Well, dear Strange and freeing blades human (2) feline (1) vegetable (?), it is early Monday morning and I’m writing this to catch the morning mail collection. It is still dark outside and I see from my study window the hills are black against the sky with a row of house-lights and streetlights almost near the top of the hill (‘sought-after view, desirable property, blushing toilets’) and the sky a Bill-painting sky (yesterday afternoon the sky was Paul-painting) with that wonderful blue-violet-grey, ever-changing, with one colour devouring another.
And that is the morning. My guest, Jacquie, is asleep in her guest room on her guest bed with her guest dreams which could be nightmares. (When I phoned her the other evening to find the plane times her son (the talented boy who drew the flower picture I had—maybe you remember it) answered the phone and told me an amazing lot in three minutes—I suppose here I should say—My God!

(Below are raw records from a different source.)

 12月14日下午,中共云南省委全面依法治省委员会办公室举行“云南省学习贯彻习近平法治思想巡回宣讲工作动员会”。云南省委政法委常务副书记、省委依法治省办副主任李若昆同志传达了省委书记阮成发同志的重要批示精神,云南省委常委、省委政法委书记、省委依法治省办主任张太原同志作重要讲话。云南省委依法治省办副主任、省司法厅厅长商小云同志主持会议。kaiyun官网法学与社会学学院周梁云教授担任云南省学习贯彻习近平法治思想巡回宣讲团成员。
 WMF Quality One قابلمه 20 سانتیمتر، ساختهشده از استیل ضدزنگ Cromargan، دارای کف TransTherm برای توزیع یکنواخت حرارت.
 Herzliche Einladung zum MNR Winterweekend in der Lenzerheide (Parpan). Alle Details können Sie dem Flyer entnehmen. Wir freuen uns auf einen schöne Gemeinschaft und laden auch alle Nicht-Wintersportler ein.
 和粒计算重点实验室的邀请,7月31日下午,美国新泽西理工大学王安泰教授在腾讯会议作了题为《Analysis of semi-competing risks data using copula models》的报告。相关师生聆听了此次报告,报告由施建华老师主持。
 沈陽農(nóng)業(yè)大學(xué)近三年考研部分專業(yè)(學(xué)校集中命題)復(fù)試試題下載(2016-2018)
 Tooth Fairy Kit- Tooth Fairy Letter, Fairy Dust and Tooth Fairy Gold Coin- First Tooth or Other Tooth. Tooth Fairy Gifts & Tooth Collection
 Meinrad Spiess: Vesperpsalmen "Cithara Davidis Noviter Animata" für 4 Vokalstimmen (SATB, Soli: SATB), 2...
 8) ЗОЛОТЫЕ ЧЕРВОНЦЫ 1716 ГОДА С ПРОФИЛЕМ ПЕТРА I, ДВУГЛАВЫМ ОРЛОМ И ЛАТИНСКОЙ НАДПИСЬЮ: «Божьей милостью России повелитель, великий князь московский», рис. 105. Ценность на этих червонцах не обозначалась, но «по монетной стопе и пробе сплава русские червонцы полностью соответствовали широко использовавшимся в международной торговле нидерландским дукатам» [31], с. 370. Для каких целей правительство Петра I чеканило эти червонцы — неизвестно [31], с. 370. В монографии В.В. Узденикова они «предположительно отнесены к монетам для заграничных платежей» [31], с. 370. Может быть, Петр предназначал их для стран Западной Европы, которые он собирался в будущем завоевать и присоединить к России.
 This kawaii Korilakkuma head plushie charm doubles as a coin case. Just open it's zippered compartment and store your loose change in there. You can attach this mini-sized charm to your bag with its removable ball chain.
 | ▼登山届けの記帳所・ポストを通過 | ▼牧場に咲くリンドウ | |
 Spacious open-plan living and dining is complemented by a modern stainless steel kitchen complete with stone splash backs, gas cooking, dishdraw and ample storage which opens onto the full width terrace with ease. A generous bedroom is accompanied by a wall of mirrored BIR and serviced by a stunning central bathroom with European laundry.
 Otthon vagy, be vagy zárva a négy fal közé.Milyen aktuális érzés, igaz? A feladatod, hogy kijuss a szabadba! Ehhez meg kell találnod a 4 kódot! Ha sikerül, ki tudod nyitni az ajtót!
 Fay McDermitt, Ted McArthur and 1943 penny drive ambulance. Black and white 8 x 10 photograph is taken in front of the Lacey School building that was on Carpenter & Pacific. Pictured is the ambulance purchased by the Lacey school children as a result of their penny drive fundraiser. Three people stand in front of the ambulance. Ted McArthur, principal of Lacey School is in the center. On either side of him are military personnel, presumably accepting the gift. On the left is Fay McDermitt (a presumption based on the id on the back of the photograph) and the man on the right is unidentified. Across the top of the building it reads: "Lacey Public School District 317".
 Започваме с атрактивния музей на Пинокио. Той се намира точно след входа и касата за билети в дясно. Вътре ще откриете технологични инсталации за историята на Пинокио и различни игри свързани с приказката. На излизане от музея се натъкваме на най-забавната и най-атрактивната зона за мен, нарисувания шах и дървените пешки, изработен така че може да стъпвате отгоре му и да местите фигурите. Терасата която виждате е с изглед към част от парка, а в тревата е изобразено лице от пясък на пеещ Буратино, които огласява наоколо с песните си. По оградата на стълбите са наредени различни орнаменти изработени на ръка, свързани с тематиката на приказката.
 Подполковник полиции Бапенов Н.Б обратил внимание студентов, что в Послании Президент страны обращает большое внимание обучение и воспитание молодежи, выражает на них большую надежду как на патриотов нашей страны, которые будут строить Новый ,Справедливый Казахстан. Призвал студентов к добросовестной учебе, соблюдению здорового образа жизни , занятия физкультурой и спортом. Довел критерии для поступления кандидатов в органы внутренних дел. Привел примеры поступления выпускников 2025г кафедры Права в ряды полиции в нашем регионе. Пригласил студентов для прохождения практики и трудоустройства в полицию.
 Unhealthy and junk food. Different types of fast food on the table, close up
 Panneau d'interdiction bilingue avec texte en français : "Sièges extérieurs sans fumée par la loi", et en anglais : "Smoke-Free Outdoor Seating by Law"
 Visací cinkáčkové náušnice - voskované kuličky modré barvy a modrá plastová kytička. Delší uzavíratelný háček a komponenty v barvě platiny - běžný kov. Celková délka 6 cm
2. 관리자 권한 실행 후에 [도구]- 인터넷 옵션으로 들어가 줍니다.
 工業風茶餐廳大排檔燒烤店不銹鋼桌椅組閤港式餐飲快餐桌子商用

Or the guest dreams could be—hopefully—sweet,
for J’s lover visited her here last evening and I left them the house to themselves after giving them a dessert and a coffee. I went off to my Janet-home-alone bed and listened to the radio playing Stravinsky’s Mass and Beethoven’s Seventh Symphony.
And that is the news from Wax-Eye City. My friend has come here to sleep and rest and forget for a week before she returns to face things—I hate that expression facing things. Today a new wine shop is opening in town and there’s free tasting all day and we are going to drop in and out and by the evening we should have forgotten all. In the midst I shall visit my aunt who is now dying—two weeks ago I noticed the water was there and it only remains for the rather narrow-minded pathetic old swan to let herself go. I noticed that her eyes, overnight, suddenly moved in her head, seemed to have been set back as if on dark-lined shelves, as if someone had said of her eyes, ‘You won’t be needing these much longer, let us put them on this dark-lined shelf’, for indeed her eyes looked then as if they had been put away, stored, as things are which are no longer of any use.